NASA Study: Irreversible Collapse Likely

Mayan ruins

The sudden crash of a wealthy, technologically advanced civilization is not rare in history. Can you say Mayan? (Photo by amber.kennedy/Flickr)

A major, multi-disciplinary study combining the perspectives of theoretical mathematics, natural and social sciences and — gasp! — history, among others, has concluded that a total, irreversible collapse of the world’s industrial civilization is both likely and imminent. The peer-reviewed study, which has been accepted for publication in the journal Ecological Economics, confirms in detail the conclusions of my 2009 book Brace for Impact, the premises of The Daily Impact, and the scenario of my forthcoming novel Tribulation.

The study (reported in detail in Britain’s Guardian newspaper and few other places) finds that contrary to popular assumptions, the precipitous collapse of technologically advanced, wealthy civilizations is not rare, but common in the history of the past 5,000 years. And the common cause of collapse, it concludes, is depletion of natural resources accompanied by extreme stratification of the population into a small, super-wealthy elite and an increasingly deprived population of “commoners.”

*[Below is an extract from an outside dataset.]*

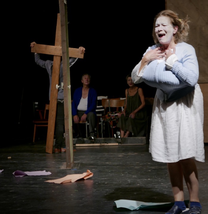 C’est à vue, sans illusion, que ce théâtre joue, dans la franchise de sa lumière, dans le silence ajouré par le carillon d’une horloge de salon, le grincement d’une porte et deux musiciens égrenant quelques notes concrètes. Dominique Collignon-Maurin instaure un régime et une exigence de vérité, de justesse qui passe outre au naturel (qui n’est que l’idéologie esthétique d’une époque qui voudrait se passer de l’art au bénéfice de la culture) pour atteindre à la profération, ultime gloire ceignant le nu de l’existence. Le grand jeu, immense, de Marie Vayssière, Emmanuèle Stochl, Patrick Condé, Jean-Marie Champagne, sert avec humilité et puissance, sans faillir, le grand soir. Et puis, sans prévenir, les corps décharnés de ces géants de la montagne au teint de plâtre, comme épuisés par le ballet des gestes nets et secs, le commerce des seins et des cuisses malaxés, s’en iront sans théâtre, gravant dans nos cœurs émus cette implacable et lucide épitaphe : « Je pars sans magie ».

The factors that have contributed to past collapses, and therefore should be examined for clues to an impending collapse, are five in number: 1) population (getting too big), 2) climate (changing), 3) water (disappearing), 4) agriculture (unable to keep up with 1, partly because of 2 and 3) and 5) energy (see 4).

An analysis of the “improvements” in the productivity of agriculture and other industries for 200 years have involved drastically increased consumption of finite natural resources. When mathematical models are run that calculate the consequences of the world’s current trajectory, the study says, “we find that collapse is difficult to avoid.”

“While some members of society might raise the alarm that the system is moving towards an impending collapse…” [Hello? HELLO! Over here!] “… and therefore advocate structural changes to society in order to avoid it, Elites and their supporters, who opposed making these changes, could point to the long sustainable trajectory ‘so far’ in support of doing nothing.”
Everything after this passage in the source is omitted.